Ming-Yu Liu, senior director of research and co-author of the paper, commented, "The 3D reconstruction capabilities Neuralangelo offers will be a huge benefit to creators, helping them recreate the real world in the digital realm. This tool will eventually enable developers to import detailed objects, whether they are small statues or massive buildings, into virtual environments for video games or industrial digital twins."

During a captivating demonstration, NVIDIA researchers showcased Neuralangelo's ability to recreate a wide range of objects, from the iconic statue of David by Michelangelo to commonplace items like a flatbed truck. Moreover, the AI model can effectively reconstruct both the interiors and exteriors of buildings, as demonstrated by a detailed 3D model of the park at NVIDIA's Bay Area campus.

Neuralangelo employs instant neural graphics primitives, the underlying technology of NVIDIA Instant NeRF, to accurately capture repetitive texture patterns, homogeneous colors, and strong color variations—addressing previous limitations in AI models for 3D scene reconstruction.

The process begins with the model analyzing a 2D video captured from various angles. It selects several frames that provide different viewpoints, simulating an artist's perspective when considering a subject from multiple sides to grasp its depth, size, and shape. Based on the camera positions of each frame, Neuralangelo's AI generates an initial 3D representation of the scene, analogous to a sculptor chiseling the basic shape of a subject. The model then optimizes the rendering process to refine the details, much like a sculptor carefully carving stone to mimic the texture of fabric or the human figure.
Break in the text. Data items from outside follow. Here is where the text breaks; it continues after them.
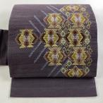 名古屋帯 美品 逸品 証紙あり 幾何学模様 アヤ乃花織 手織草木染 紫 正絹 中古
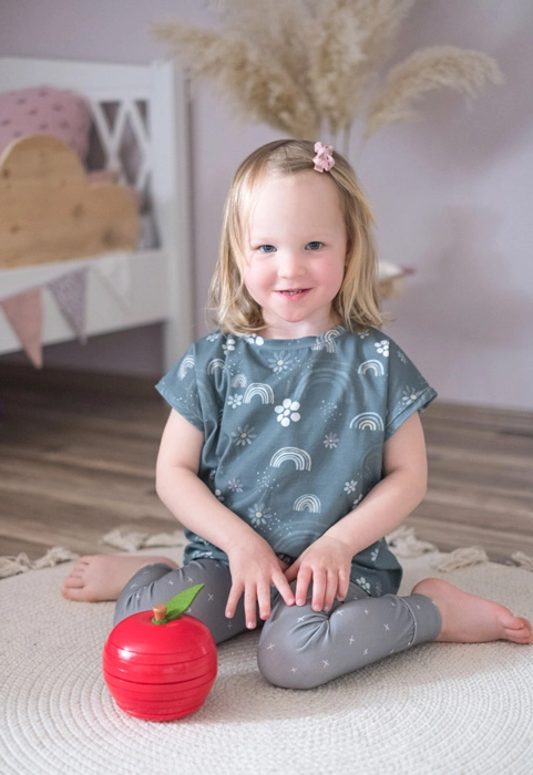 Glatte, robuste trædele i klare farver suppleret med et filtblad. Behagelige at holde ved, sikre og klar til hyppig leg.
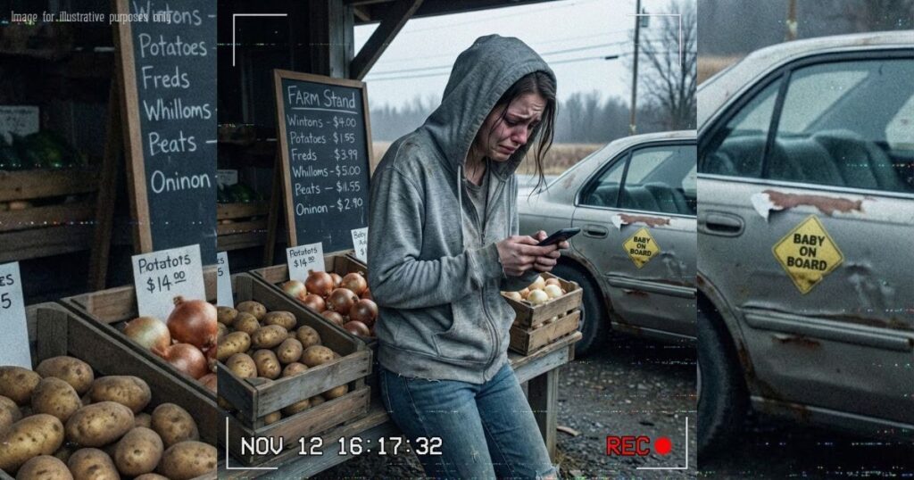 She grabbed a carton of eggs. She grabbed a bag of russet potatoes. She looked directly at the camera lens—terrified, desperate—and then she ran. She threw the food into the passenger seat and sped off, tires spinning on the gravel.

The result is a final 3D object or large-scale scene that finds practical applications in virtual reality environments, digital twins, and robotics development.

NVIDIA Research will showcase Neuralangelo and nearly 30 other projects at the Conference on Computer Vision and Pattern Recognition (CVPR), taking place from June 18th to 22nd in Vancouver. These research papers cover a wide range of topics, including pose estimation, 3D reconstruction, and video generation.

Among the projects is DiffCollage, a diffusion method that enables the creation of large-scale content, including panoramic landscape orientations, 360-degree views, and looped-motion images. By treating smaller images as sections of a larger visual, similar to assembling a collage, DiffCollage allows diffusion models to generate cohesive-looking large content without requiring training on images of the same scale.